Одной из причин этому был, безусловно, сам масштаб города. Те, кто переехал сюда из мест поменьше, могли печалиться или радоваться тому, что сообщества здесь были не такими сплоченными, но не могли этого не ощущать[63 - Обе эти эмоции нашли отражение в СПбАГ АКФ Бологое-01 ПФ1. Ср. комментарий недавно приехавшего в Великобританию россиянина о том, что москвичи и петербуржцы заметно менее дружелюбны по сравнению с жителями других мест, когда приходится вступать в контакт с другими русскими: Oxf/AHRC UK-08 PF52 АВ.]. И это еще не все. По типажу местные интеллектуалы напоминают скорее своих венских или парижских коллег (нежели берлинских или лондонских). Они традиционно предпочитают держать дистанцию и умеют виртуозно поставить собеседника на место, сохранив при этом вежливый тон. Один из ведущих российских социологов И. С. Кон вспоминает, как в юности, работая над диссертацией о Джоне Мильтоне, пришел в Государственную публичную библиотеку в надежде найти «что-нибудь интересное, например, пометки Вольтера на книгах моего героя…» [Кон 2006:16]. Его встретил историк и библиофил В. С. Люблинский, тогда сотрудник ГПБ: «Владимир Сергеевич улыбнулся, сказал, что такой метод поиска книг несколько провинциален, но, в конце концов, раз уж вы пришли…» [Кон 2006: 16]. При этом далеко не худшее, с чем мог столкнуться приезжий, – это что его «поставят на место» В 1960 году поэт Н. Рубцов писал другу:

Прописали все-таки, этот случай относится к числу исключительных, ибо здесь свято и железно чтут указание горисполкома не прописывать в городе граждан из-за города, тем более из других областей. Появись в городе Диосфен, даже Диосфен, – его все равно не прописали бы здесь ни в одной бочке: бочек хватает и в других городах[64 - Н. Рубцов, письмо В. И. Сафонову, март 1960 года. URL: https://rubtsov-poet-ry.ru/lettres/lettresl.htm (дата обращения: 09.09.2021). «Диосфен» (sic: «Диоген»-!– «Демосфен») – то ли ошибка, то ли шутка Рубцова.].

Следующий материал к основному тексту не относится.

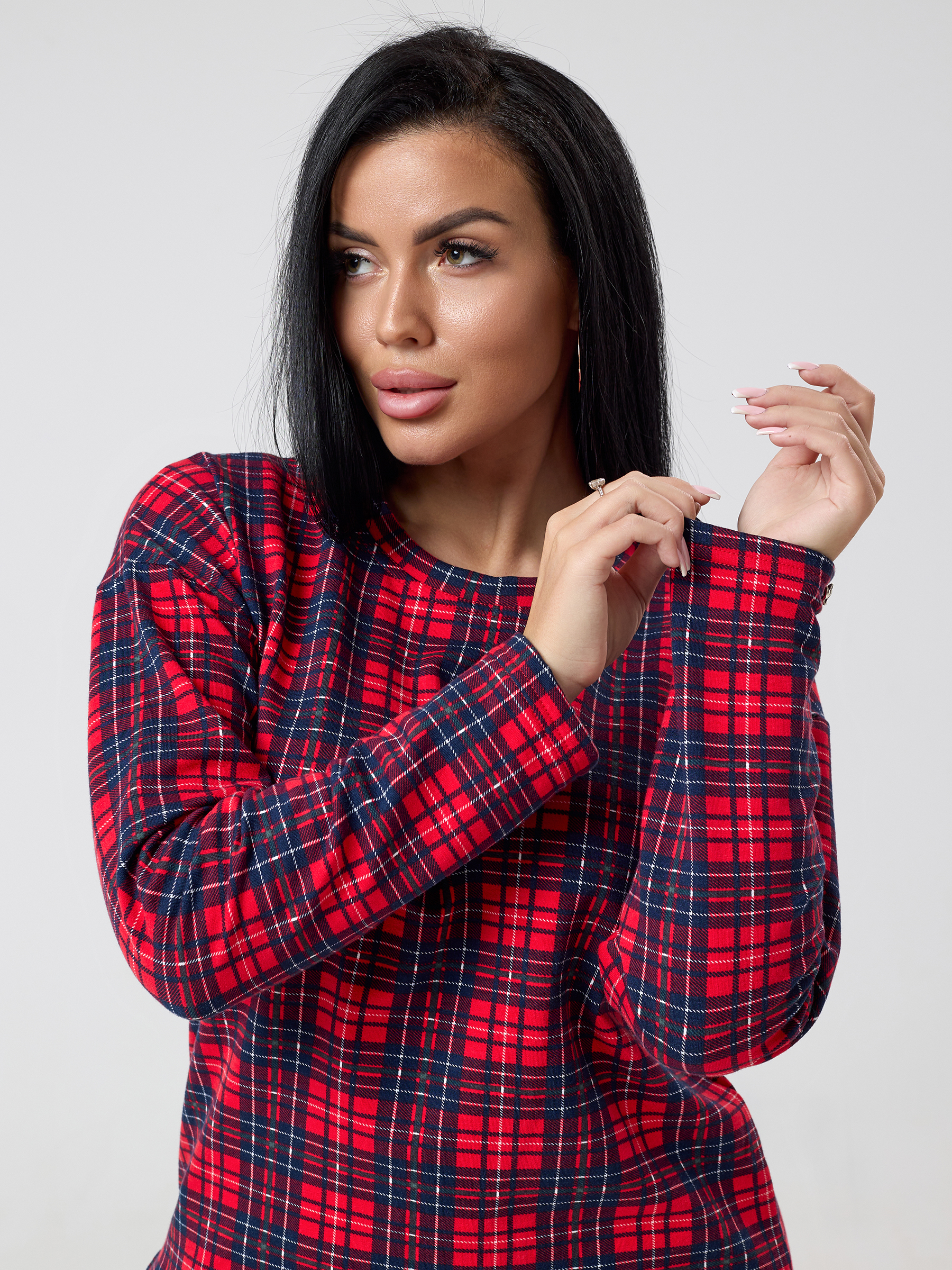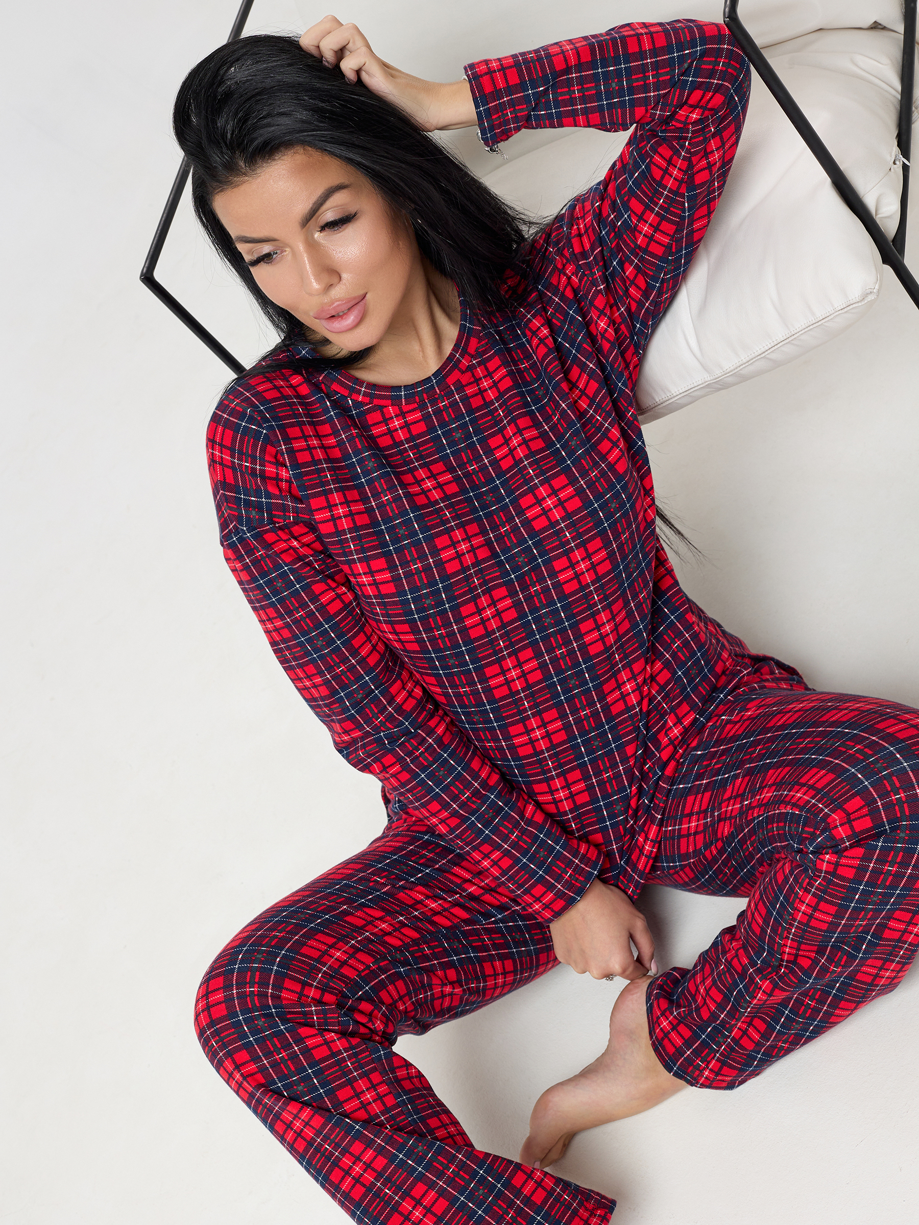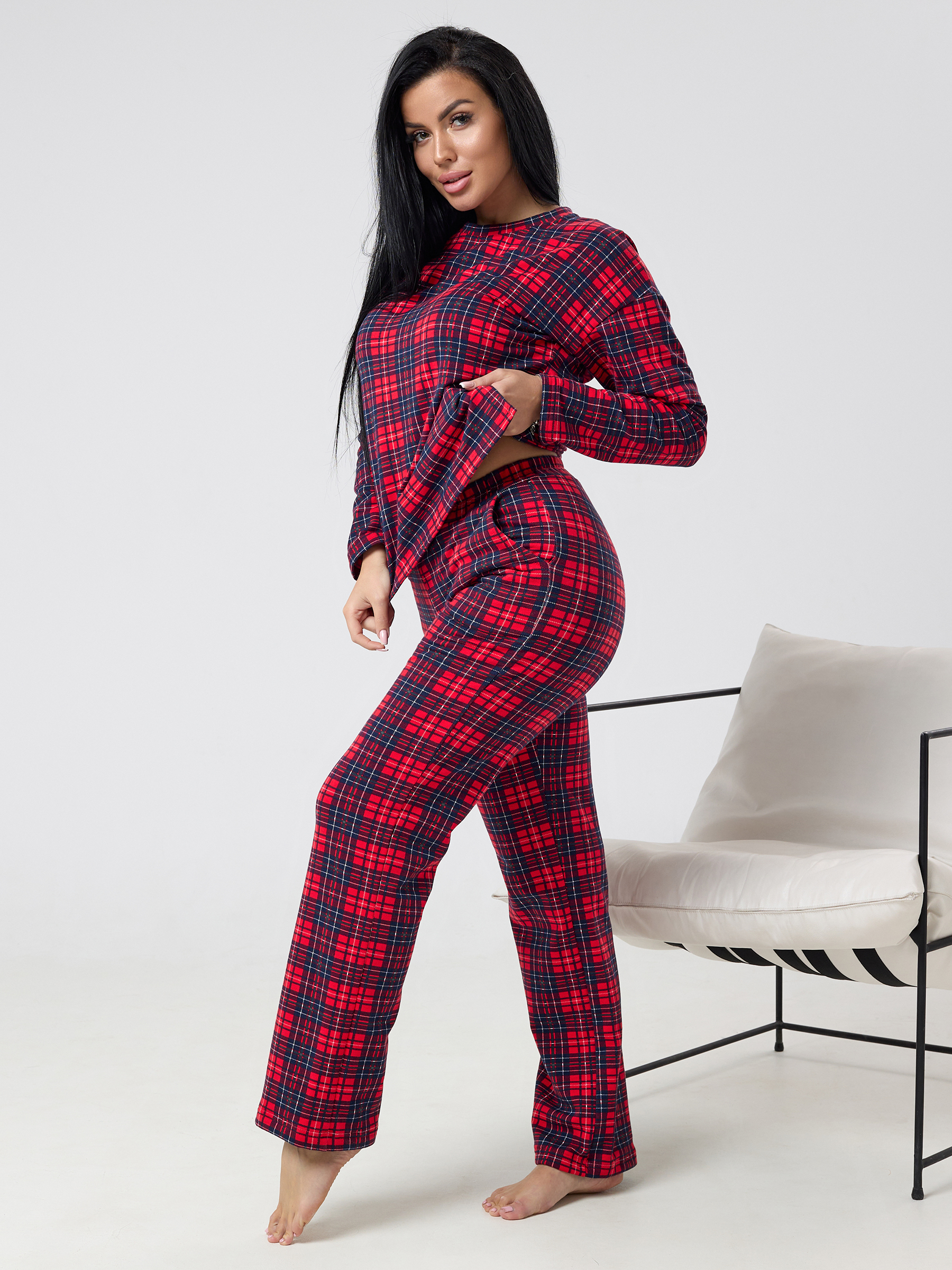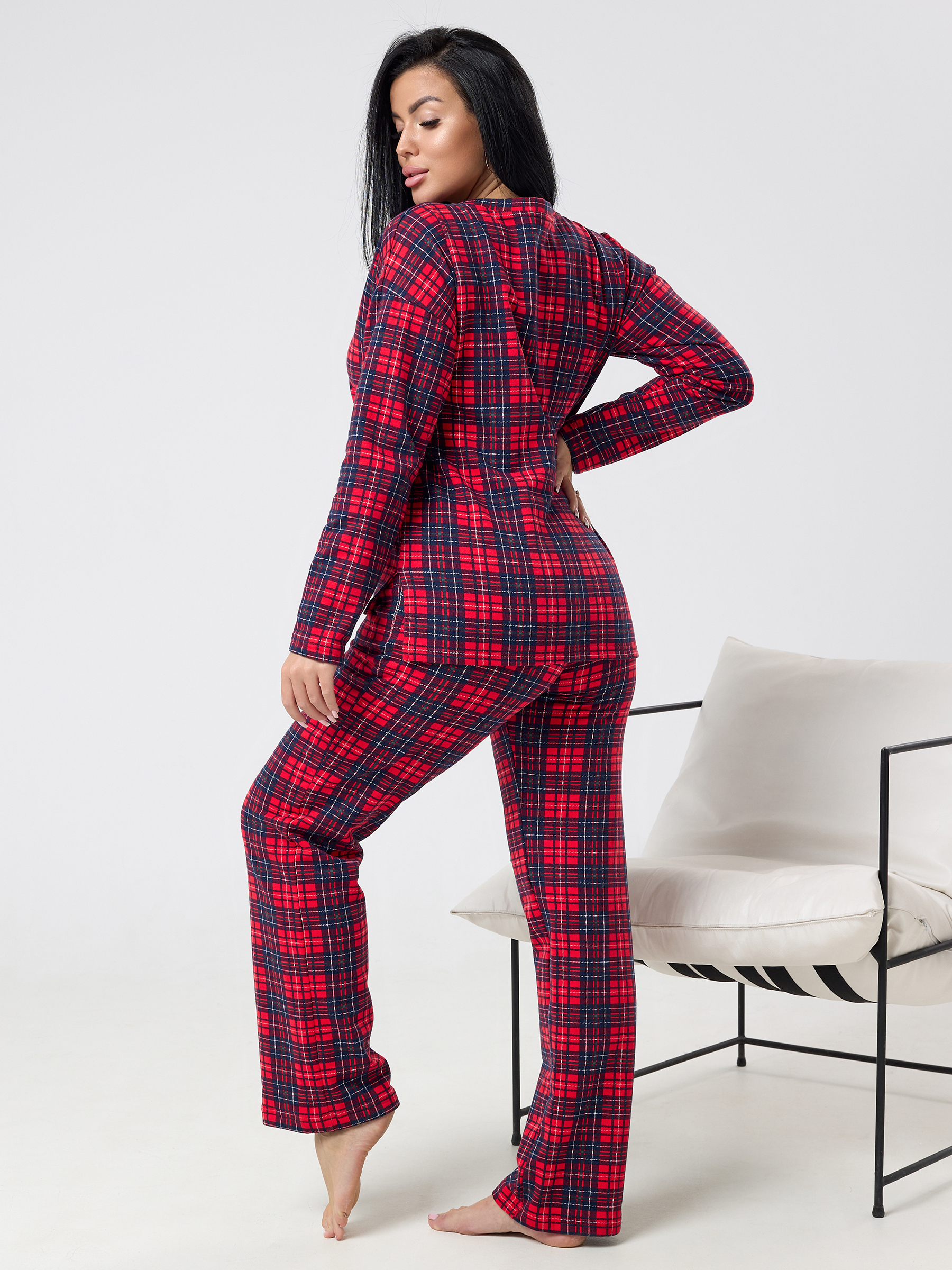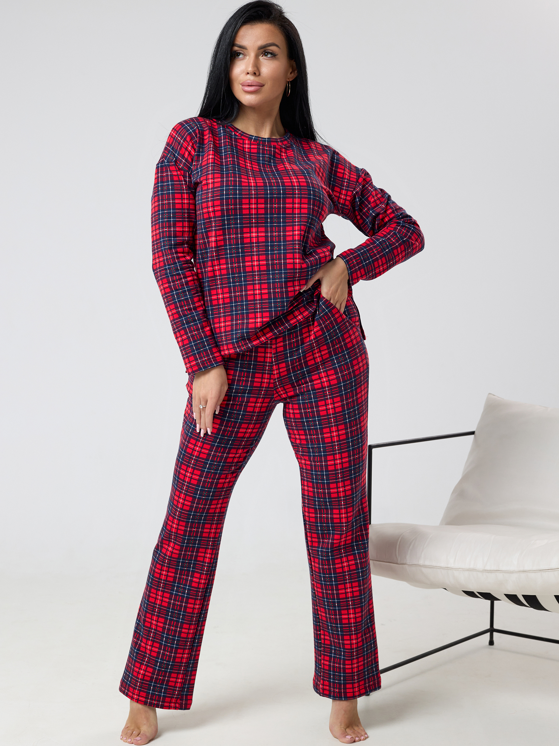 Пижама женская из футера с начёсом Клетка

О том, что обосноваться в городе сложнее, чем в остальной России, свидетельствуют и цены на регистрацию, установленные всяческими агентами в начале XXI века: такса была вдвое выше, чем за оформление российского гражданства[65 - Мокрушина Е. Куплю прописку // Мой район (Калининский). 15 октября 2004. С. 5. Регистрация тогда стоила 1800 руб., а гражданство – всего 800 руб. Официальная регистрация к тому же была делом дорогим и сложным, см.: Oxf/AHRC SPb-11 PF15 EI (данный информант платил 1500 руб. в месяц – примерно $50 – за бюрократические процедуры).].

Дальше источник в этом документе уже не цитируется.